JOHN SHEGERIAN: Well, we’ve got a couple minutes left, unfortunately, but I want to ask you, recently, on April 4, at Vogue’s headquarters, there was this sustainable fashion – and you were just talking about sustainable fashion – there was a sustainable fashion panel. Did you watch it, and what do you think? Where are we now in 2013 with regards to sustainable fashion and the bigger brands?
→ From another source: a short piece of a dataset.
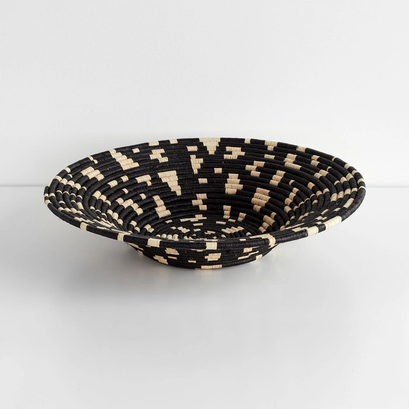 Graphic texture and an empowering social cause are woven into this stunning terrazzo-inspired bowl. It’s certified fair trade and made from all-natural raffia palm leaves and banana leaf fibers by craftspeople using techniques that have been passed down for generations. Every raffia bowl is one of a kind, due to its handmade nature. It features a loop for hanging on the backside, so you can display it when it’s not in use. This large terrazzo bowl makes a statement as a functional and sculptural dining table centerpiece.
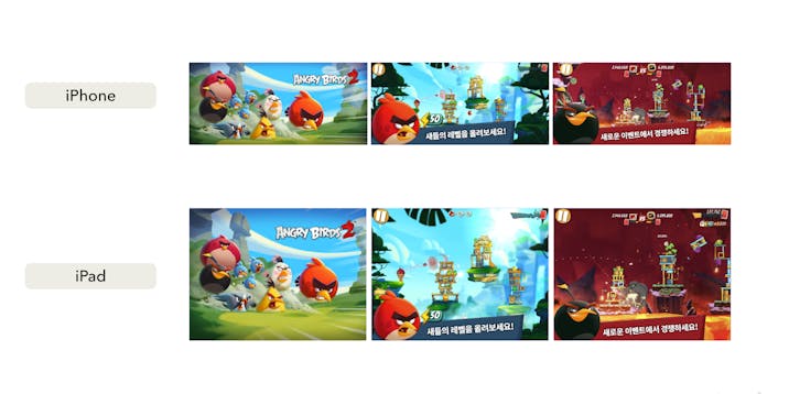 위의 Angry Birds의 스크린샷과 같이 아이폰과 아이패드에서 같은 이미지를 사용하더라도 각각에 맞는 크기를 설정하면 높은 화질을 유지하면서 표시할 수 있습니다.

JOSHUA KATCHER: You know, there was this talk that H & M sat down with a few ethical fashion experts, and they did a live cast from Vogue headquarters, and I think it was a good effort. But what they did was, it really ended up being thrown back at the consumer, where they say the majority of the impact of clothing has to do with care, it has to do with how you wash your clothes and how you dry your clothes. And I think it was a real disappointment because they didn’t talk about the advancements in technology and production and materials. A company like H & M is huge. They’re a global brand, and they have the power to really make a change on a large level, whether it’s change for their workers, the people in their factories, which they didn’t talk about at all on the program because it’s very controversial. H & M doesn’t want to admit that people die in factory fires, being paid slave labor wages. But they have a collection that’s called the Conscious Collection, which is a really good effort, where they’re using recycled polyesters and organic cottons and stuff like that.
JOHN SHEGERIAN: So, in short, they’re making an effort, but there’s a lot more to do.
JOSHUA KATCHER: They’re making an effort. There’s a lot more to do, yes, and animals never enter the equation into these discussions within the mainstream ethical fashion conversation, and it is the single greatest cause of the worst environmental problems. No matter what industry you’re talking about, the animal agricultural industry results in the worst environmental problems.
JOHN SHEGERIAN: Alright, well, Joshua, we covered a lot today, and we’re going to have you back. I want our listeners to go and look at and enjoy the great products you’re creating and enjoy the amazing websites that I’ve been enjoying prior to the show, TheDiscerningBrute.com and BraveGentleMan.com talks all about these issues and also has a lot of great products, ethical fashion products, that everyone can enjoy. Joshua Katcher, you are a visionary entrepreneurial ethical fashion superstar, and truly living proof that green is good.